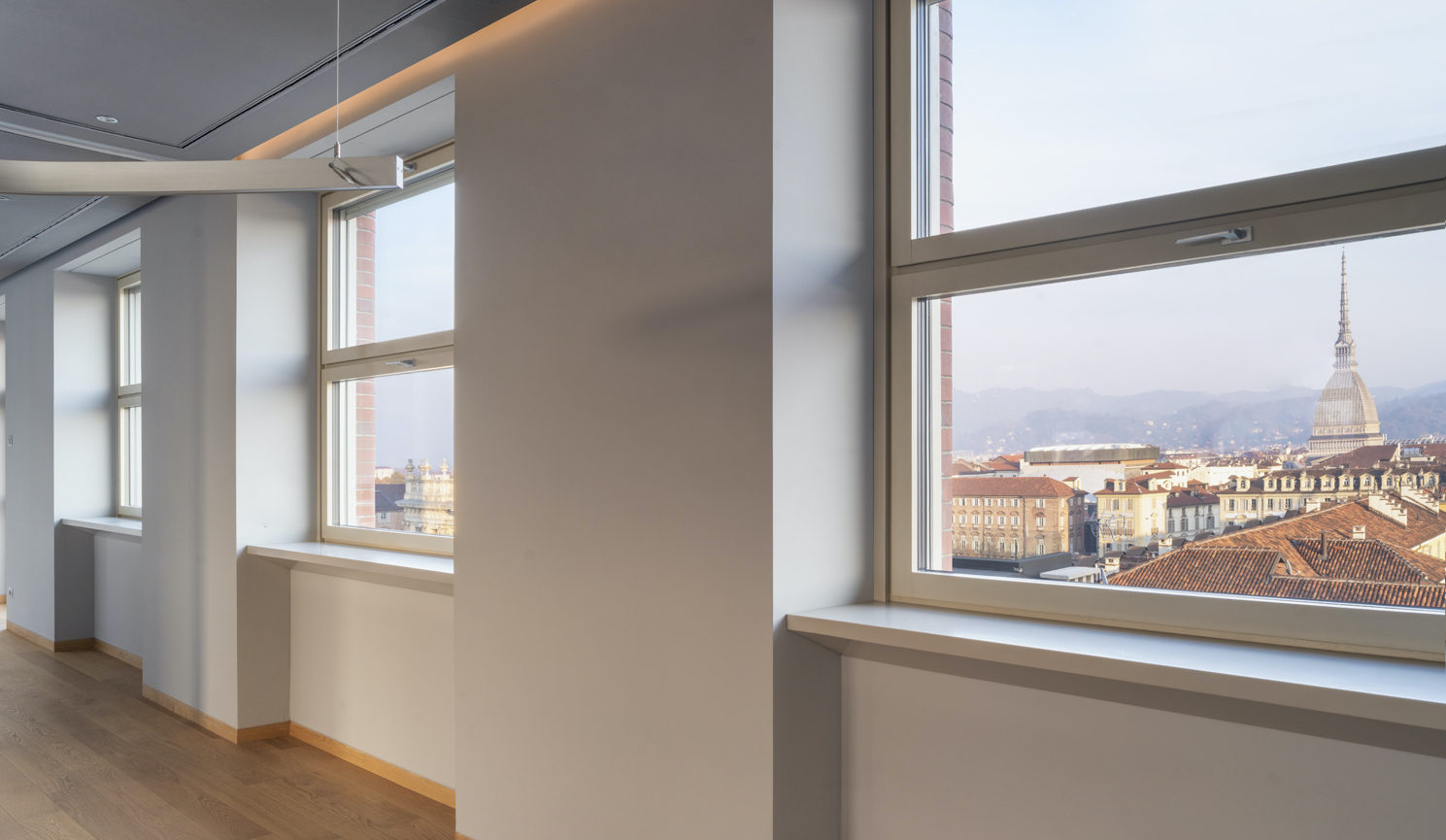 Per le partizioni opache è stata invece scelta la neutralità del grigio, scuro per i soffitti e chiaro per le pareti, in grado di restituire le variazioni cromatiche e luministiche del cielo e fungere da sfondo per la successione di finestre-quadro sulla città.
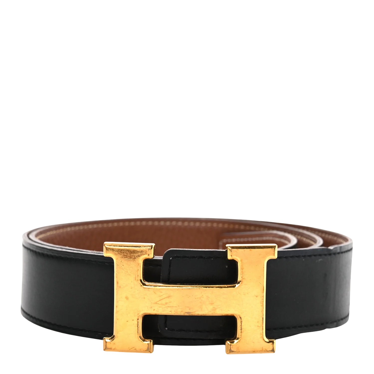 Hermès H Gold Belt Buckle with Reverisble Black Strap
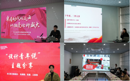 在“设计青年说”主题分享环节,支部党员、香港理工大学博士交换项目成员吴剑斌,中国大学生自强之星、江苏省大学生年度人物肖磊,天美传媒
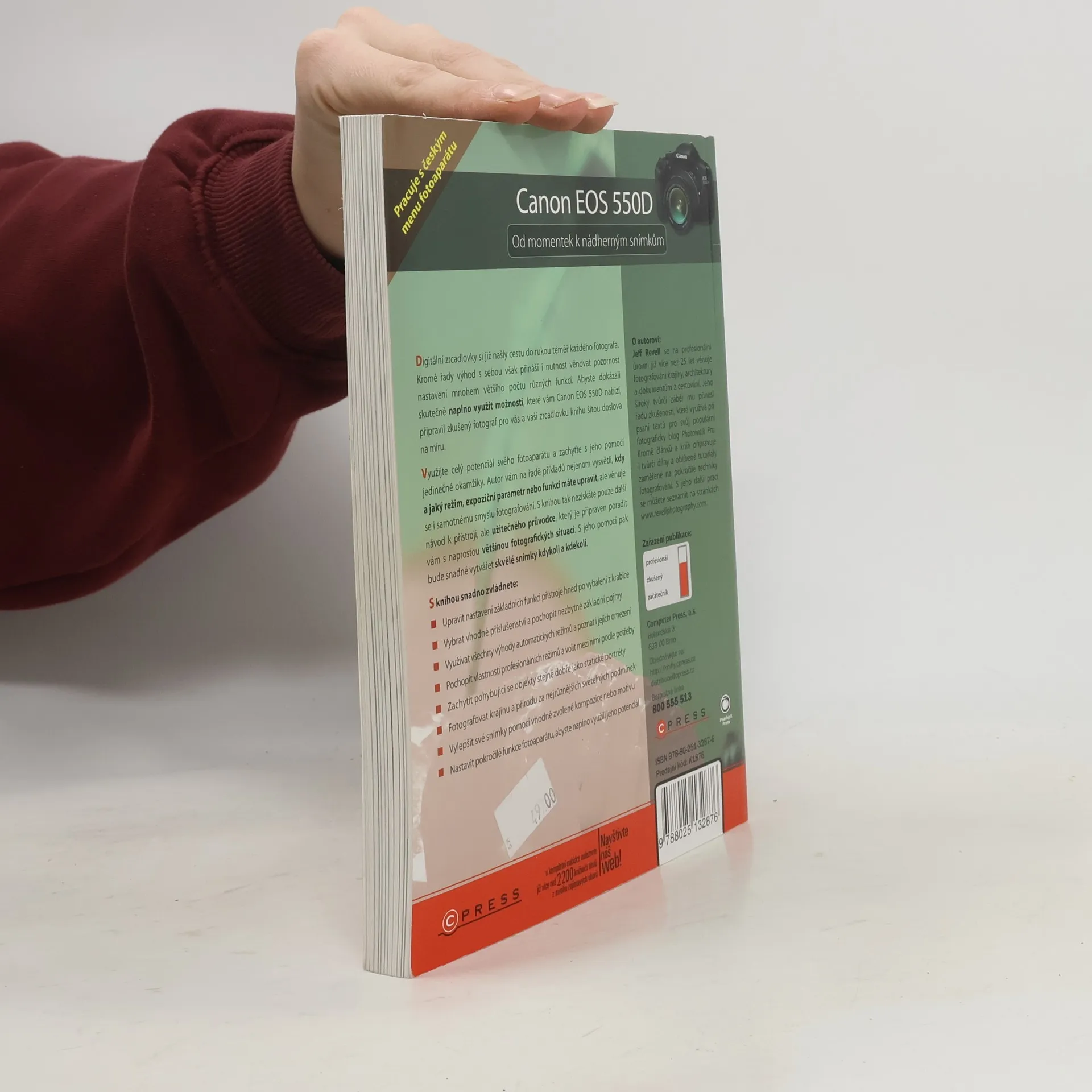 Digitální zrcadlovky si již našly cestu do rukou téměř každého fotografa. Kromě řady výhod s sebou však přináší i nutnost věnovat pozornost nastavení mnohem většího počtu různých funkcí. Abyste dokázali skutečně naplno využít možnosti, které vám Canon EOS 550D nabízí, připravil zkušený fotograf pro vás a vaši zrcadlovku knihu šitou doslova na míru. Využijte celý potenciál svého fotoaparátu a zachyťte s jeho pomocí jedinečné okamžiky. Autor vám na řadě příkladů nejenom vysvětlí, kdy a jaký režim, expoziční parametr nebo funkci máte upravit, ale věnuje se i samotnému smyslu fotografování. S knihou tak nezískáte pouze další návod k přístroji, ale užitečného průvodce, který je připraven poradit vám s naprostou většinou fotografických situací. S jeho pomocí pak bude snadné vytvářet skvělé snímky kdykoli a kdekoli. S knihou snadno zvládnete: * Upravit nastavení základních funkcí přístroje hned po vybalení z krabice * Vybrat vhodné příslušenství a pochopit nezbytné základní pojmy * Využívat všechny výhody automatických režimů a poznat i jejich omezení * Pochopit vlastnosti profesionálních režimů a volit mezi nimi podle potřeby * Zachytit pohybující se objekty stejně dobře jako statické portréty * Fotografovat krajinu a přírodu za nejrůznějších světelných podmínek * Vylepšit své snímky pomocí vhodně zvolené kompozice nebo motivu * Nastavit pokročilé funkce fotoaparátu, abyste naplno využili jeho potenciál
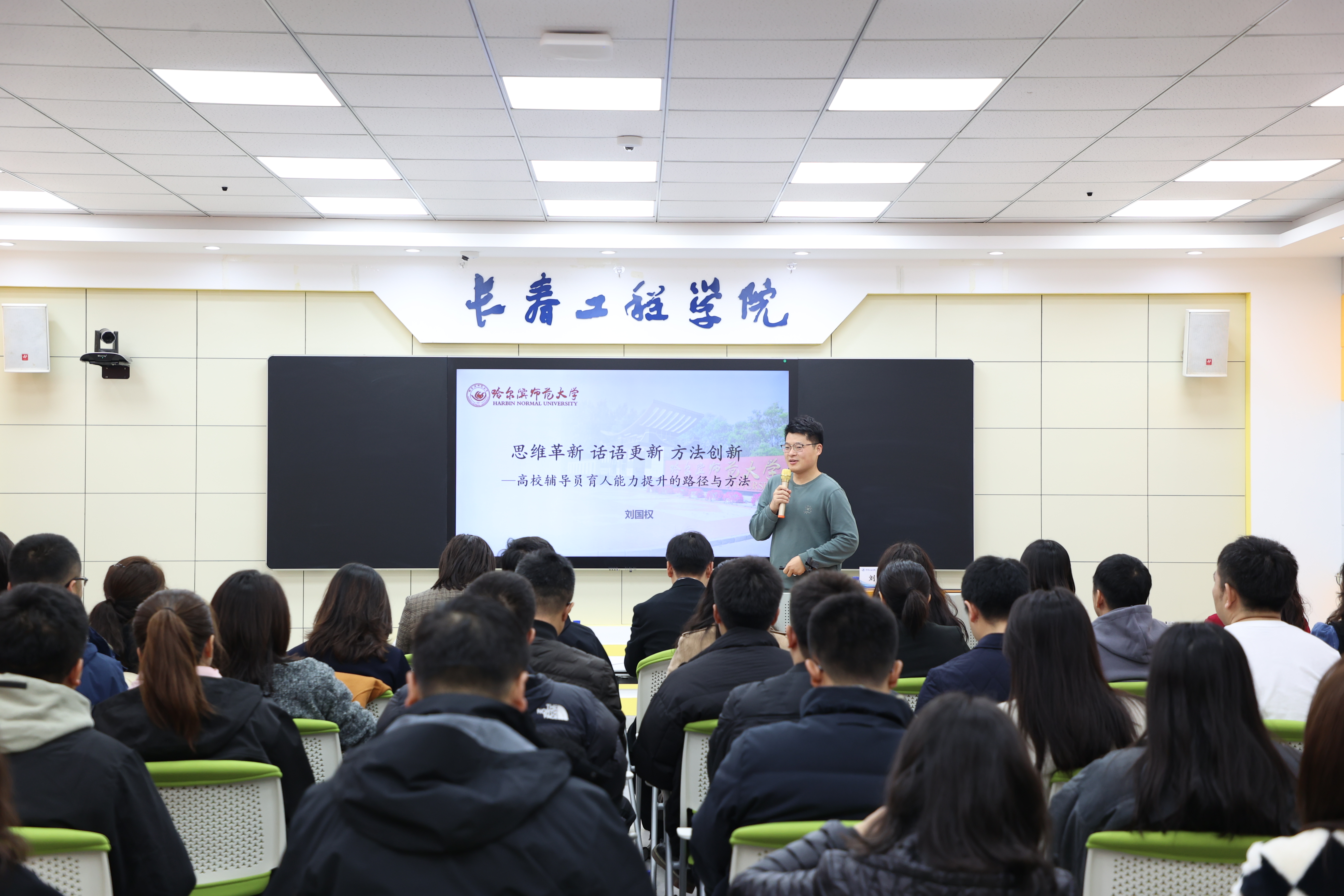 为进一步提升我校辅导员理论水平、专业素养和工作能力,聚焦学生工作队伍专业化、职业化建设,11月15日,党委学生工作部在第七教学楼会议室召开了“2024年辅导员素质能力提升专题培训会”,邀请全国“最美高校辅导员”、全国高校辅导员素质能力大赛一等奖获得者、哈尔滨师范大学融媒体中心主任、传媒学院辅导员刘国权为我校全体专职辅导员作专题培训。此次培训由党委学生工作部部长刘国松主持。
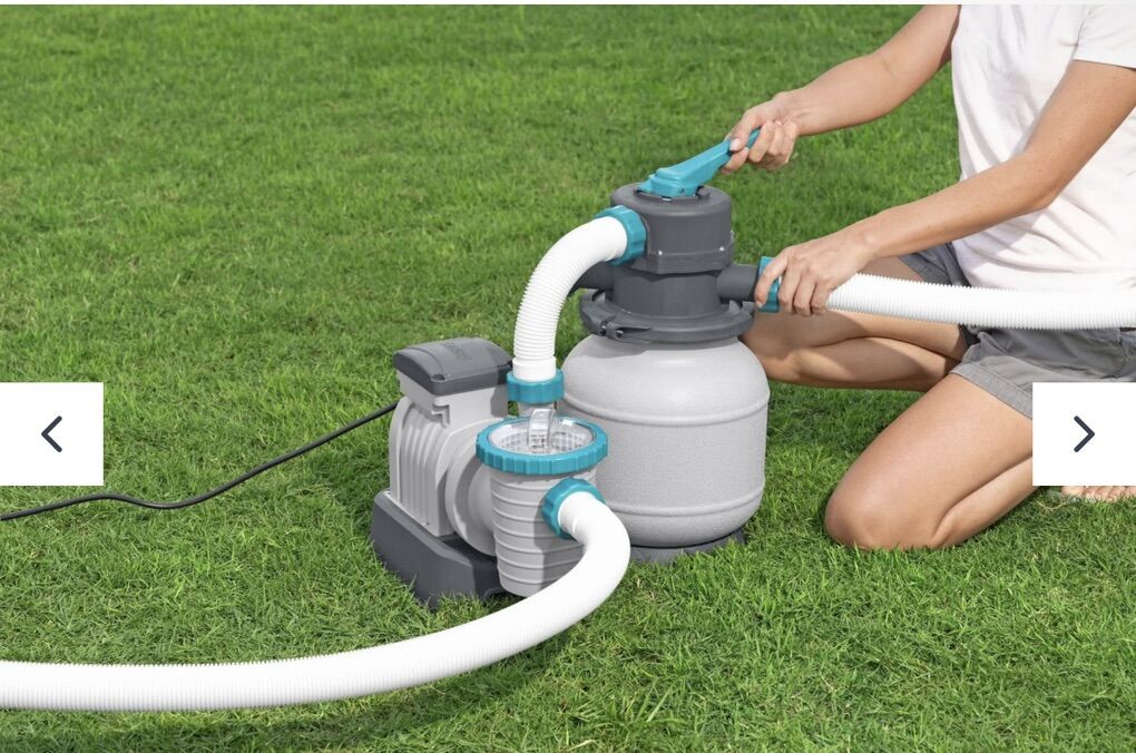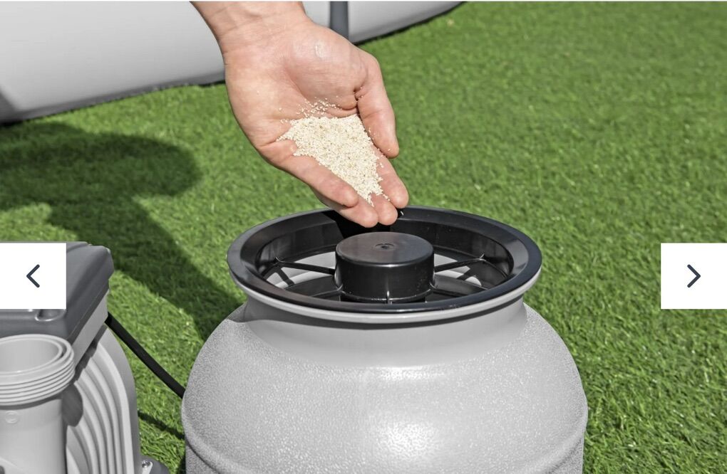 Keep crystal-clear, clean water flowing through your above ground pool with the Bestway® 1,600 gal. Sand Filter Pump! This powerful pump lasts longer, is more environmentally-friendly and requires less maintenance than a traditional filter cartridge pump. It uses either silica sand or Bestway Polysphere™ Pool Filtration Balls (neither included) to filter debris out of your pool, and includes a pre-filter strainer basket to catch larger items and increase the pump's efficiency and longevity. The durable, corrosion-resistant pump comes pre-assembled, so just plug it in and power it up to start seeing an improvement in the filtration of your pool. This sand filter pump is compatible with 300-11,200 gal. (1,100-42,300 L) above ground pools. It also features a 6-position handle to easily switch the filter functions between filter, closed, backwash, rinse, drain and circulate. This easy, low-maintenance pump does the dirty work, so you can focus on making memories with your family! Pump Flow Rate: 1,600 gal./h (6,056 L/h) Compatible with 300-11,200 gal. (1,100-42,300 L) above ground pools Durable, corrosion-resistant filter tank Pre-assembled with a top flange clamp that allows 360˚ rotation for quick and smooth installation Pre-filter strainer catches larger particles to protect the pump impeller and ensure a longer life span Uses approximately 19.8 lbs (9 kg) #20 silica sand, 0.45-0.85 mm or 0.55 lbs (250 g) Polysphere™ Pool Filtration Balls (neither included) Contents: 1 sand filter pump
::::
## EXERCISE PROMPT
Quote every record above exactly, leaving out any pictures.

## EXERCISE RESPONSE
 Per le partizioni opache è stata invece scelta la neutralità del grigio, scuro per i soffitti e chiaro per le pareti, in grado di restituire le variazioni cromatiche e luministiche del cielo e fungere da sfondo per la successione di finestre-quadro sulla città.
 Hermès H Gold Belt Buckle with Reverisble Black Strap
 在“设计青年说”主题分享环节,支部党员、香港理工大学博士交换项目成员吴剑斌,中国大学生自强之星、江苏省大学生年度人物肖磊,天美传媒
 Digitální zrcadlovky si již našly cestu do rukou téměř každého fotografa. Kromě řady výhod s sebou však přináší i nutnost věnovat pozornost nastavení mnohem většího počtu různých funkcí. Abyste dokázali skutečně naplno využít možnosti, které vám Canon EOS 550D nabízí, připravil zkušený fotograf pro vás a vaši zrcadlovku knihu šitou doslova na míru. Využijte celý potenciál svého fotoaparátu a zachyťte s jeho pomocí jedinečné okamžiky. Autor vám na řadě příkladů nejenom vysvětlí, kdy a jaký režim, expoziční parametr nebo funkci máte upravit, ale věnuje se i samotnému smyslu fotografování. S knihou tak nezískáte pouze další návod k přístroji, ale užitečného průvodce, který je připraven poradit vám s naprostou většinou fotografických situací. S jeho pomocí pak bude snadné vytvářet skvělé snímky kdykoli a kdekoli. S knihou snadno zvládnete: * Upravit nastavení základních funkcí přístroje hned po vybalení z krabice * Vybrat vhodné příslušenství a pochopit nezbytné základní pojmy * Využívat všechny výhody automatických režimů a poznat i jejich omezení * Pochopit vlastnosti profesionálních režimů a volit mezi nimi podle potřeby * Zachytit pohybující se objekty stejně dobře jako statické portréty * Fotografovat krajinu a přírodu za nejrůznějších světelných podmínek * Vylepšit své snímky pomocí vhodně zvolené kompozice nebo motivu * Nastavit pokročilé funkce fotoaparátu, abyste naplno využili jeho potenciál
 为进一步提升我校辅导员理论水平、专业素养和工作能力,聚焦学生工作队伍专业化、职业化建设,11月15日,党委学生工作部在第七教学楼会议室召开了“2024年辅导员素质能力提升专题培训会”,邀请全国“最美高校辅导员”、全国高校辅导员素质能力大赛一等奖获得者、哈尔滨师范大学融媒体中心主任、传媒学院辅导员刘国权为我校全体专职辅导员作专题培训。此次培训由党委学生工作部部长刘国松主持。
 Keep crystal-clear, clean water flowing through your above ground pool with the Bestway® 1,600 gal. Sand Filter Pump! This powerful pump lasts longer, is more environmentally-friendly and requires less maintenance than a traditional filter cartridge pump. It uses either silica sand or Bestway Polysphere™ Pool Filtration Balls (neither included) to filter debris out of your pool, and includes a pre-filter strainer basket to catch larger items and increase the pump's efficiency and longevity. The durable, corrosion-resistant pump comes pre-assembled, so just plug it in and power it up to start seeing an improvement in the filtration of your pool. This sand filter pump is compatible with 300-11,200 gal. (1,100-42,300 L) above ground pools. It also features a 6-position handle to easily switch the filter functions between filter, closed, backwash, rinse, drain and circulate. This easy, low-maintenance pump does the dirty work, so you can focus on making memories with your family! Pump Flow Rate: 1,600 gal./h (6,056 L/h) Compatible with 300-11,200 gal. (1,100-42,300 L) above ground pools Durable, corrosion-resistant filter tank Pre-assembled with a top flange clamp that allows 360˚ rotation for quick and smooth installation Pre-filter strainer catches larger particles to protect the pump impeller and ensure a longer life span Uses approximately 19.8 lbs (9 kg) #20 silica sand, 0.45-0.85 mm or 0.55 lbs (250 g) Polysphere™ Pool Filtration Balls (neither included) Contents: 1 sand filter pump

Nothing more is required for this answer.